New York Times: "The Department of Justice has decided to join a lawsuit against Lance Armstrong and several associates that accuses them of using taxpayer money to finance doping on the United States Postal Service cycling team, according to a lawyer for Armstrong." CW: that is, the Department of Justice has decided to take another easy case while allowing the big banks to continue cheating. Thanks for looking out for me, Eric Holder.
Guardian: Oscar Pistorius will be freed on bail pending his murder trial. This is a liveblog. No stories are up yet. ...
... Update: Al Jazeera has the story here.

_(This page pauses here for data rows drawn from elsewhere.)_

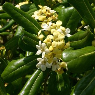 Compact evergreen shrub bearing large showy flower clusters in spring. Good coastal plant. Best in acid soil in sun or shade. A male variety. Height 1m.
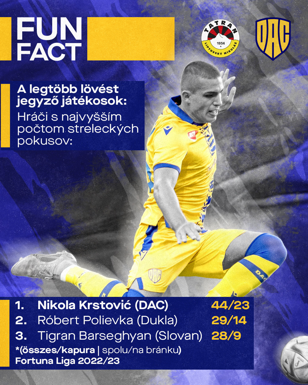 2022.7.17. – DAC-Tatran 2:1, gólszerzők: Krstović, Kružliak – Káčerík, 4630 néző
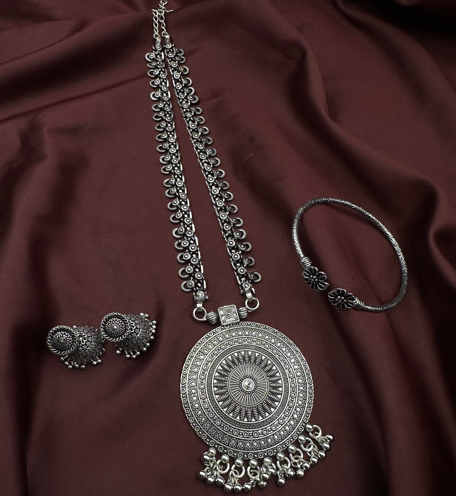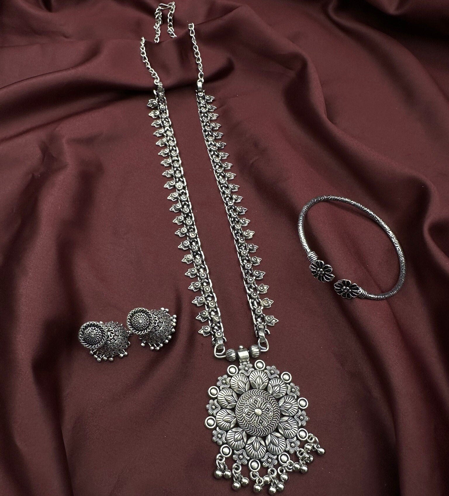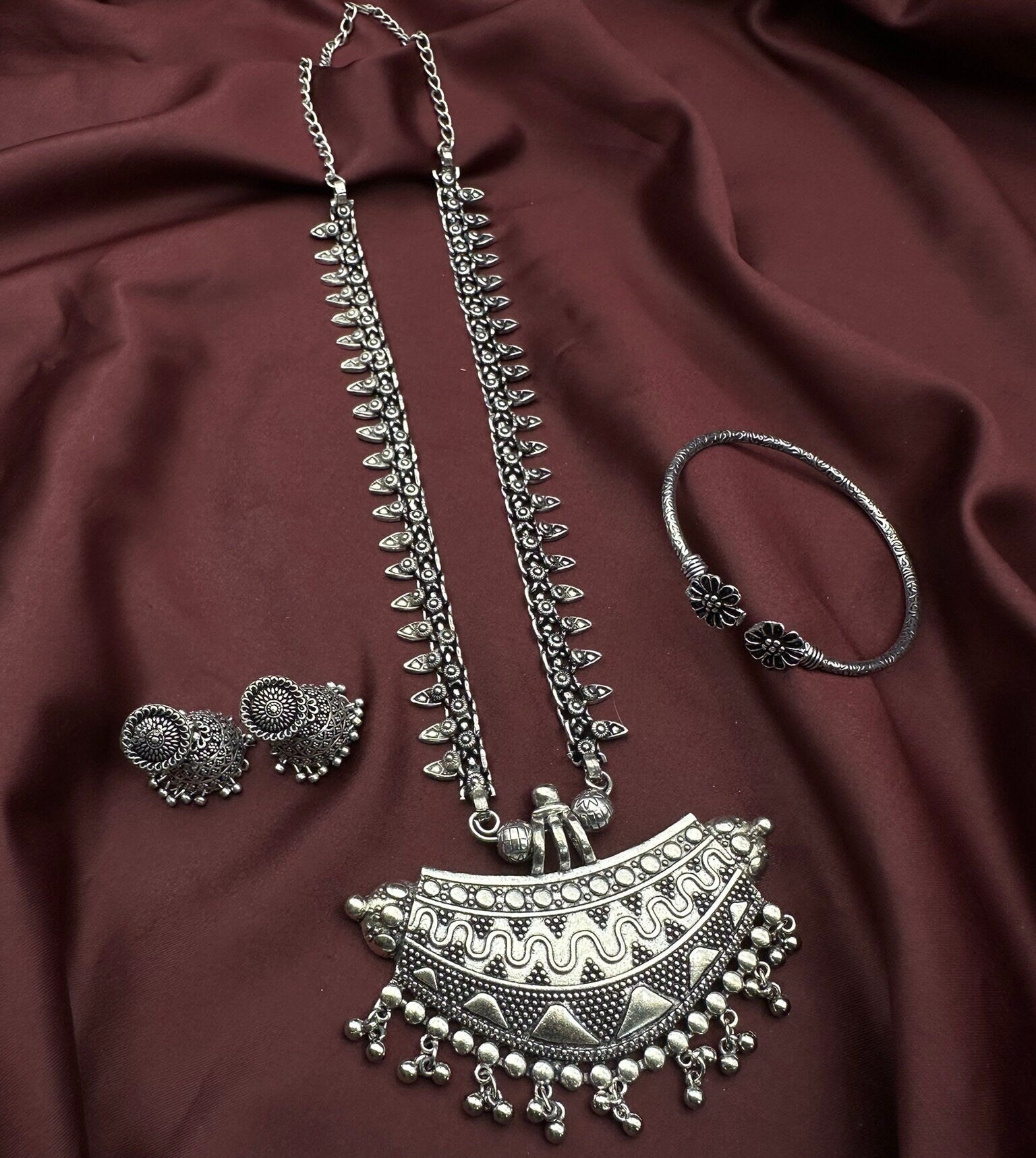 Oxidised Jewelry Temple Jewelry Long Necklace Oxidised Jhumka Oxidised Bangle Oxidised Set Oxidised Haram Necklace Navratri Jewelry Set
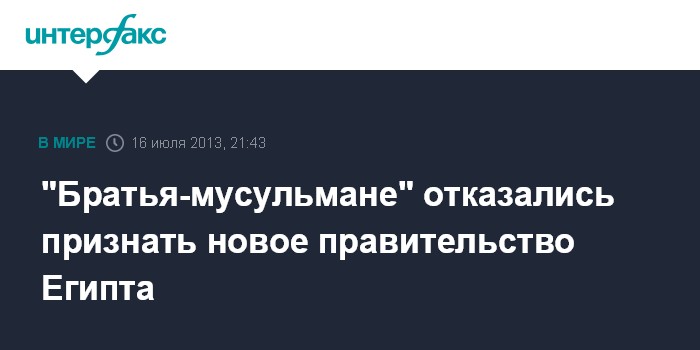 Каир. 16 июля. INTERFAX.RU - Члены "Братьев-мусульман" не считают законным новый кабинет министров Египта, сообщил во вторник представитель движения Джихад аль-Хаддад.
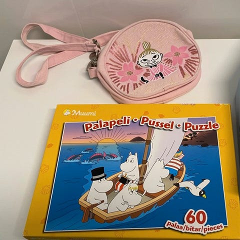 Vanha muumipalapeli. 30 palaa, 3 mm puuta, 25 x 21 cm.
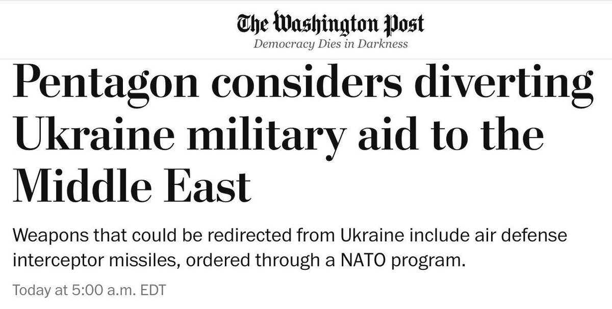 Пентагон рассматривает возможность перенаправить часть вооружений, предназначенных для зеленского, на Ближний Восток, сообщает The
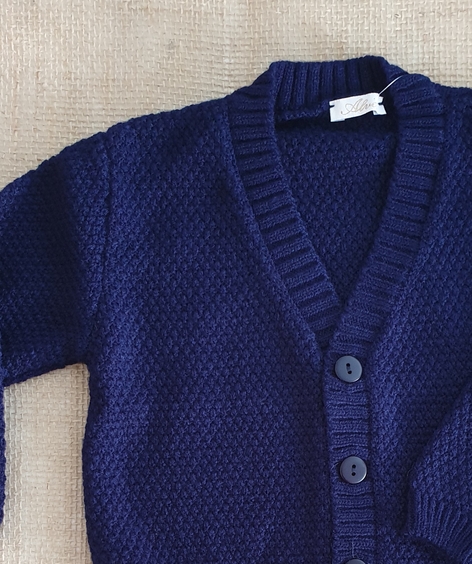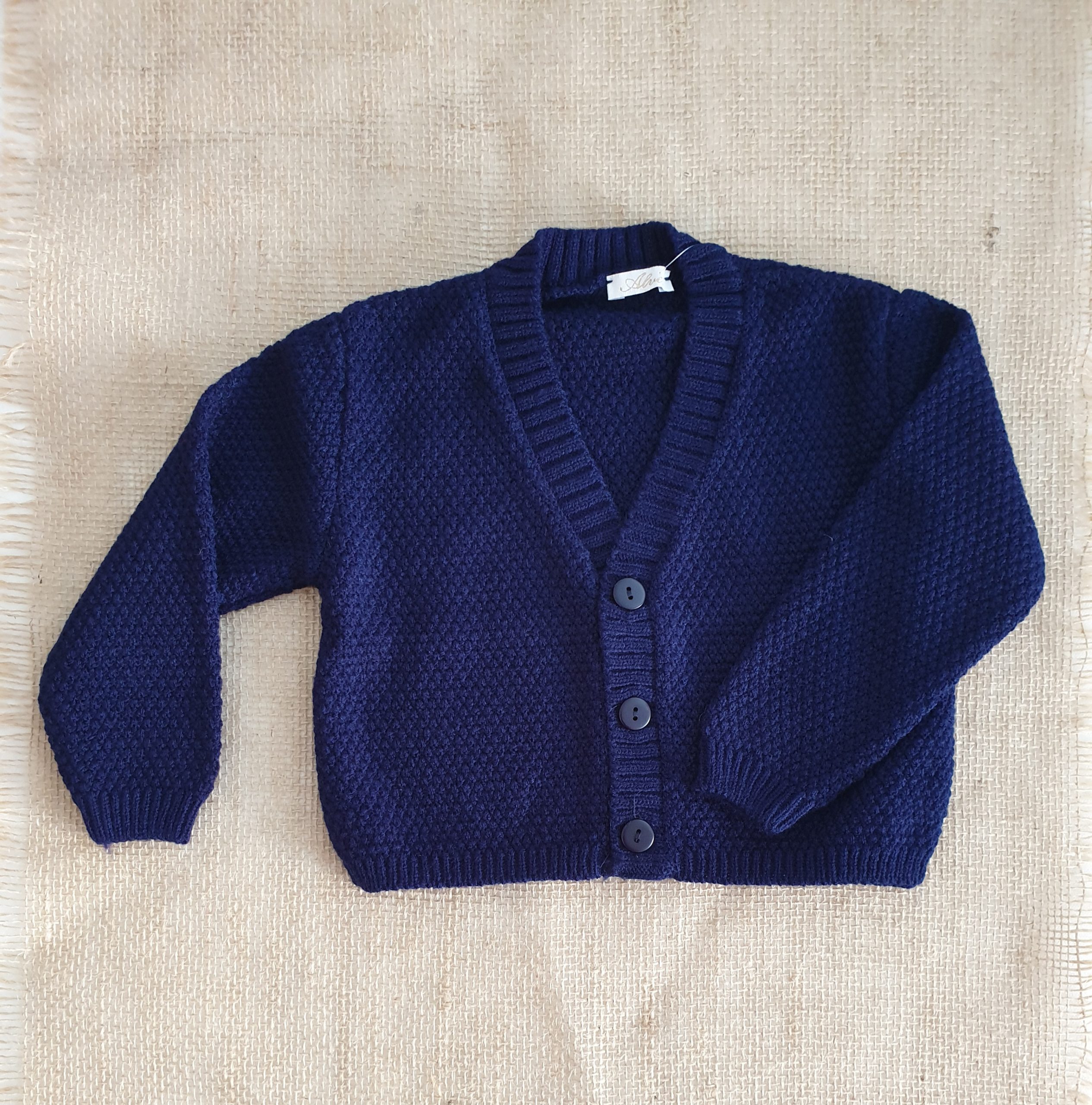 Chaqueta punto para niño color Azul marino  .  100% acrílico Ideal para combinar con peleles, pantalón ….
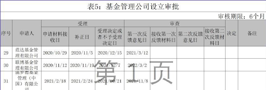 在2021年8月5日,富达基金获得核准设立的批复,富达亚洲控股私人有限公司(FIL ASIA HOLDINGS PTE. LIMITED)出资3000万美元,持股比例为100%。而2021年9月22日,关于核准设立路博迈基金管理(中国)有限公司的批复,其中股东方是路博迈投资顾问有限公司,出资1.5亿元,持股比例100%。此外,2021年,施罗德基金管理(中国)有限公司获得设立申请文件反馈意见。

New York Times: "The European Commission delivered a bleak assessment Friday of Europe's economic prospects, saying that growth would be just 0.1 percent in the 27-nation European Union in 2013 and that the 17-nation euro zone would shrink 0.3 percent over the same period. The downbeat forecast, coming a day after data showed a slump in business activity in the euro area worsened unexpectedly this month, added to perceptions that Europe is continuing to struggle with the dual burdens of trying to stimulate growth while cutting spending to pare deficits and balance budgets."
Reuters: "A major winter storm headed northeast into the U.S. Great Lakes on Friday and threatened New England after blanketing states from Minnesota to Ohio with blinding snow, sleet and freezing rain. The storm dumped more than a foot of snow in Kansas on Thursday, forcing airports to cancel hundreds of flights and stranding motorists on highways."
ABC News: "Rapper Kenny Clutch has been identified by Las Vegas police as the man killed in a drive-by shooting on the Vegas strip, which set off a multi-state manhunt for the black Range Rover from which the shots were fired. Clutch, whose real name is Kenneth Cherry Jr., was the victim of the Thursday morning shooting in the valet area of the Aria Resort and Casino. Three people were left dead and three injured in the attack, including two who died when their taxi was struck by the careening sports car and exploded into flames."